[RECORDS SUPPLIED Boundary: Start]

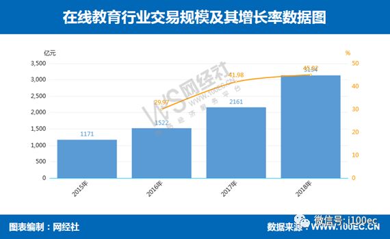 《报告》显示,2018年中国在线教育市场规模约为3134亿元,同比2017年2161亿元增加了45.02%。预计2019年突破4000亿元。
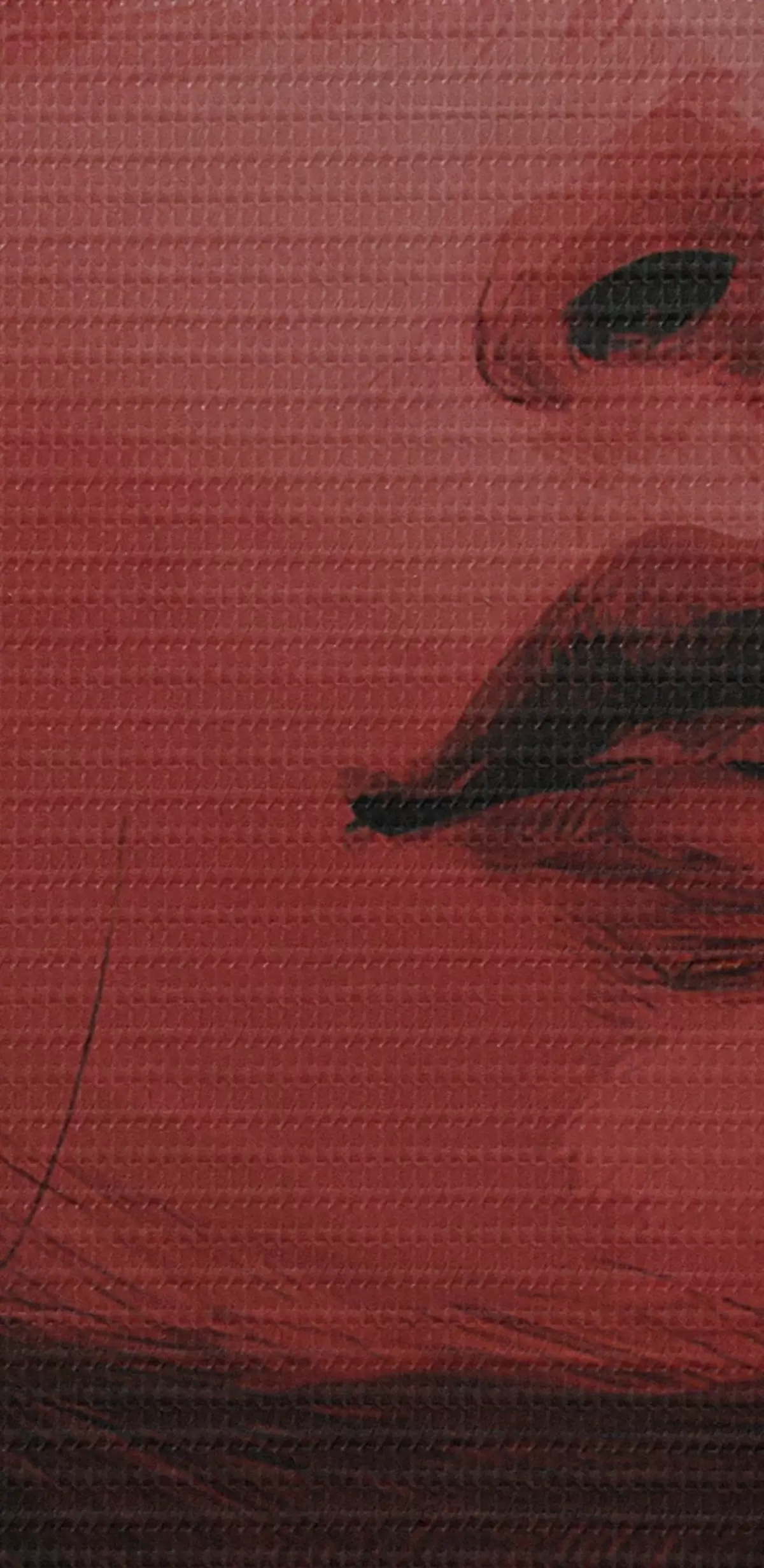 Smalkais diegu pinums uz šī audekla atgādina profesionālu mākslinieku audeklu virsmu.
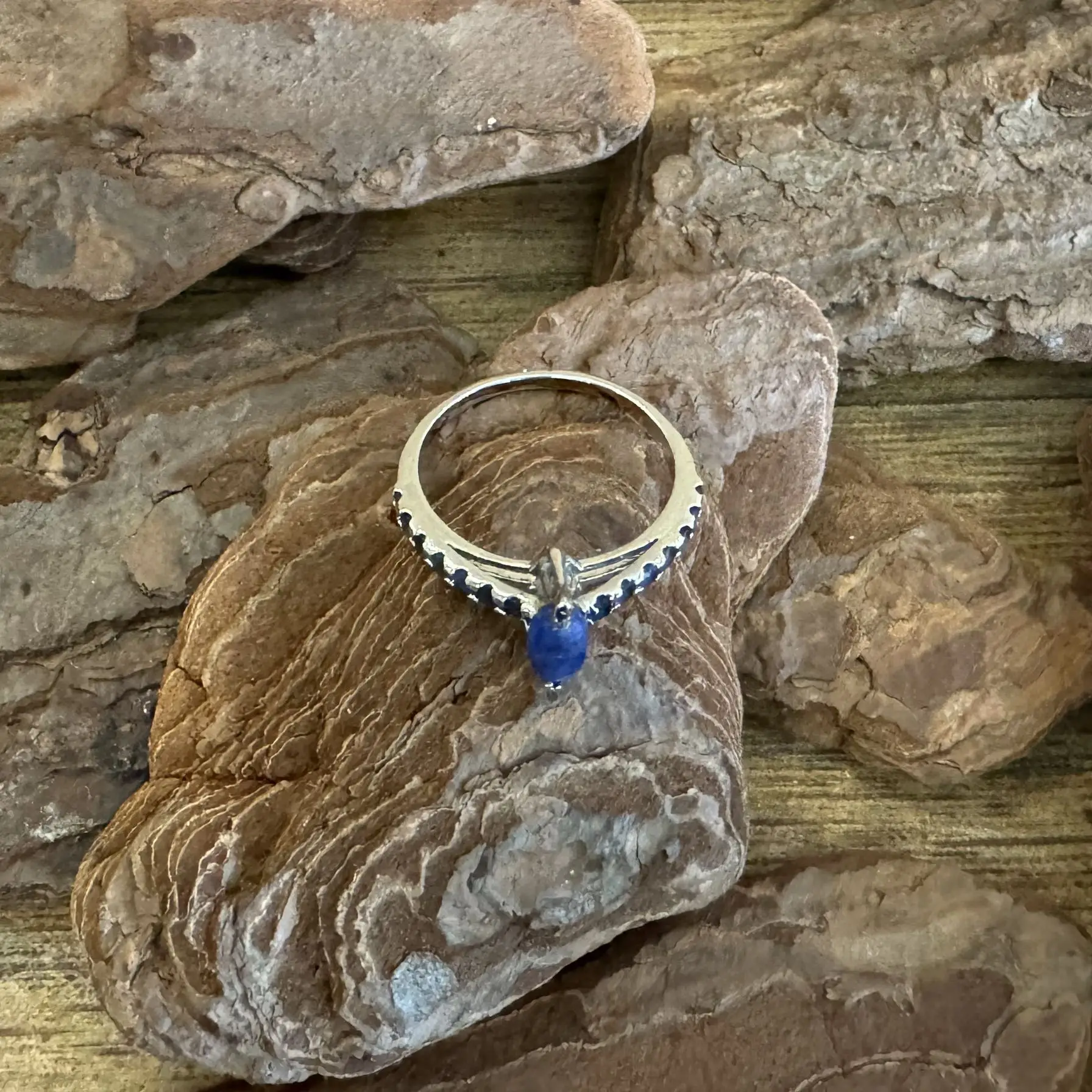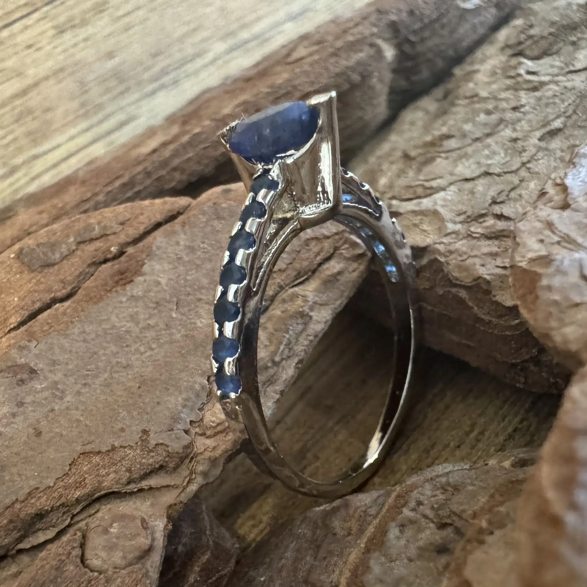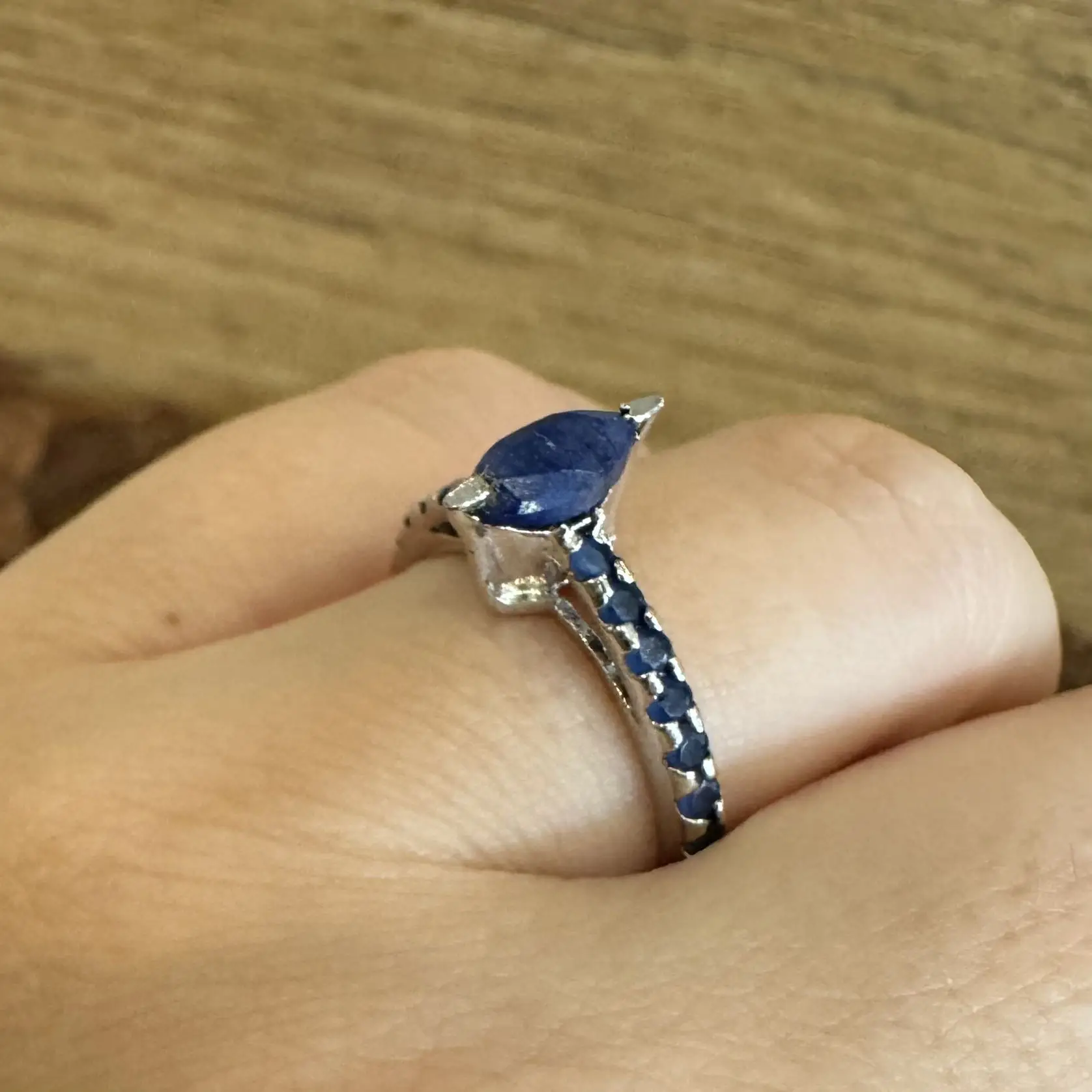 Anel Solitário Navete de Safira indiana em Prata com banho de Ródio.
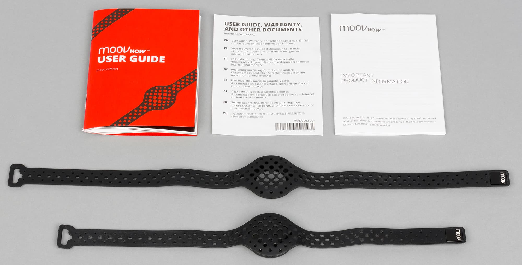 Комплектация довольно минималистична: это Moov Now, два ремешка (22,5 см и 32,5 см), две листовки и буклетик с руководством пользователя — увы, без русского языка.
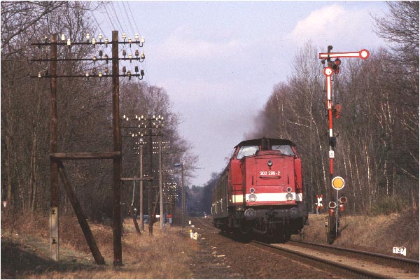 KBS 209.36: 202 295 passiert mit ihrem Zug in Ri. Grunow (NL) das Esig von Müllrose (1997)
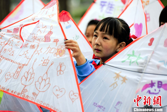 5月9日,在北京红领巾公园,20余名来自安民学校的四川籍学生将自己的梦想和祝福描绘在风筝上,通过放飞风筝向远在四川雅安等家乡的亲人送上祝愿。中新社发 陆欣 摄
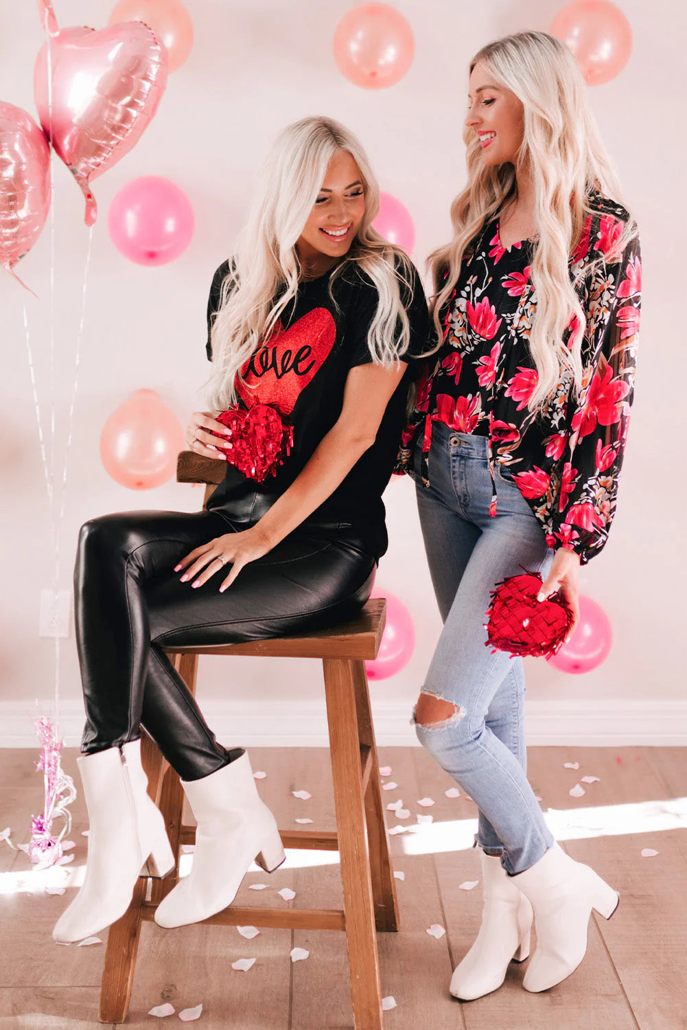 Black Floral Long Sleeve Frilly Shirred Square Neck Mini Dress
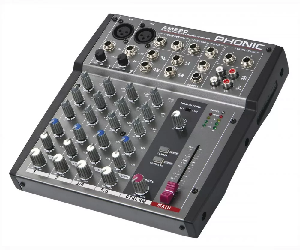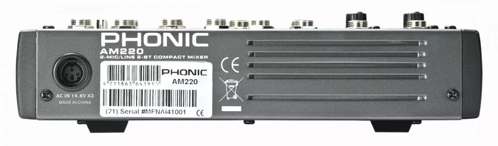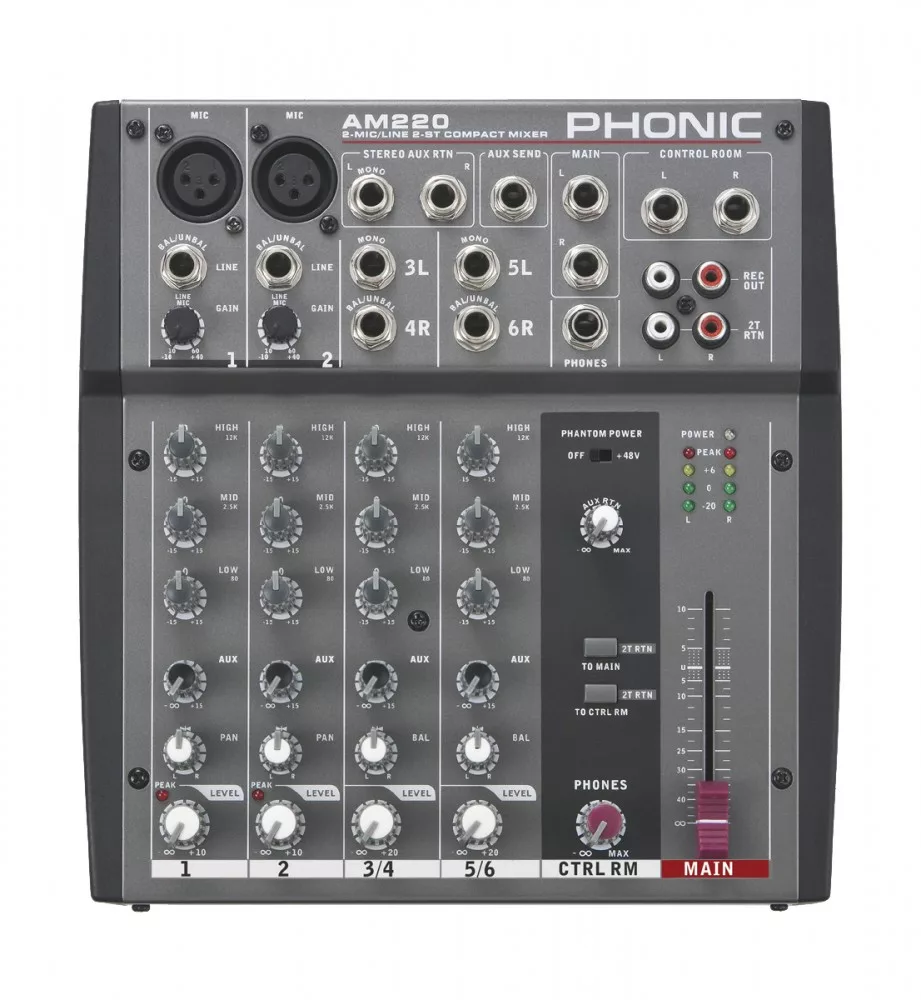 Csatornák száma: 4 (2 mikrofon, 2 sztereó)2T be- és kimenetCTRL Room kimenetFejhallgató kimenetEFX Send kimenet (Aux)2 x 4 LED-es kivezérlésmérő+48V Phantom táp
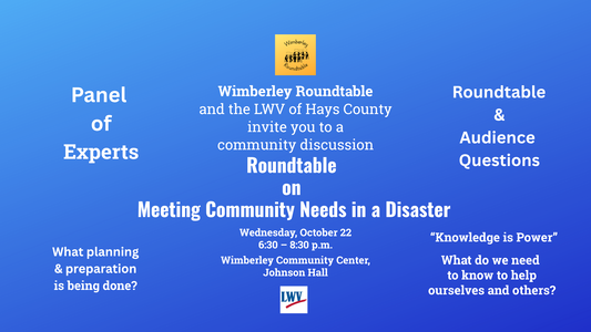 Sponsored by Wimberley Roundtable and the League of Women Voters of Hays County. Everyone is welcome — come learn how to be ready and resilient.
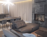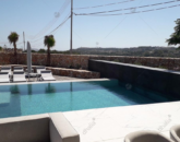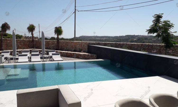 New, designer-styled, four-bedroom, five-bathroom country-house situated on 2.5 tumoli of land, located in this quiet upmarket residential area, surrounded by gardens, hills, and the countryside. Upon entrance, one will find the main living area of the house, with a brand new white fully-equipped kitchen and black-marble bar on your left and the main living/tv area straight ahead. The living/TV area is fully furnished including WiFi, a 60-inch television, a fireplace, and huge sliding windows allowing lots of natural light into the room and the feeling of being outside while actually being indoors. Leading out from this main room are two independent fully-fitted bedrooms each with a double bed, a third bedroom also with a double bed, and with an en-suite bathroom another bathroom with a shower also serves as the bathroom of the pool area as it has a second door leading out.
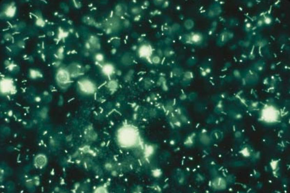 Figura 1 – Fotomicrografia da técnica de soro aglutinação microscópica (SAM) utilizando microscopia de campo escuro (Fonte: CDC - Centers for Disease Control and Prevention, Mrs. M. Gatton, figura 2888).

[RECORDS SUPPLIED Boundary: End]

Your output should be the lines above from the one that contains "KBS 209.36: 202" through the one that contains "New, designer-styled, four-bedroom, five-bathroom", word for word, with pictures left out.

• SOLUTION FOR THIS PROBLEM
 KBS 209.36: 202 295 passiert mit ihrem Zug in Ri. Grunow (NL) das Esig von Müllrose (1997)
 5月9日,在北京红领巾公园,20余名来自安民学校的四川籍学生将自己的梦想和祝福描绘在风筝上,通过放飞风筝向远在四川雅安等家乡的亲人送上祝愿。中新社发 陆欣 摄
 Black Floral Long Sleeve Frilly Shirred Square Neck Mini Dress
 Csatornák száma: 4 (2 mikrofon, 2 sztereó)2T be- és kimenetCTRL Room kimenetFejhallgató kimenetEFX Send kimenet (Aux)2 x 4 LED-es kivezérlésmérő+48V Phantom táp
 Sponsored by Wimberley Roundtable and the League of Women Voters of Hays County. Everyone is welcome — come learn how to be ready and resilient.
 New, designer-styled, four-bedroom, five-bathroom country-house situated on 2.5 tumoli of land, located in this quiet upmarket residential area, surrounded by gardens, hills, and the countryside. Upon entrance, one will find the main living area of the house, with a brand new white fully-equipped kitchen and black-marble bar on your left and the main living/tv area straight ahead. The living/TV area is fully furnished including WiFi, a 60-inch television, a fireplace, and huge sliding windows allowing lots of natural light into the room and the feeling of being outside while actually being indoors. Leading out from this main room are two independent fully-fitted bedrooms each with a double bed, a third bedroom also with a double bed, and with an en-suite bathroom another bathroom with a shower also serves as the bathroom of the pool area as it has a second door leading out.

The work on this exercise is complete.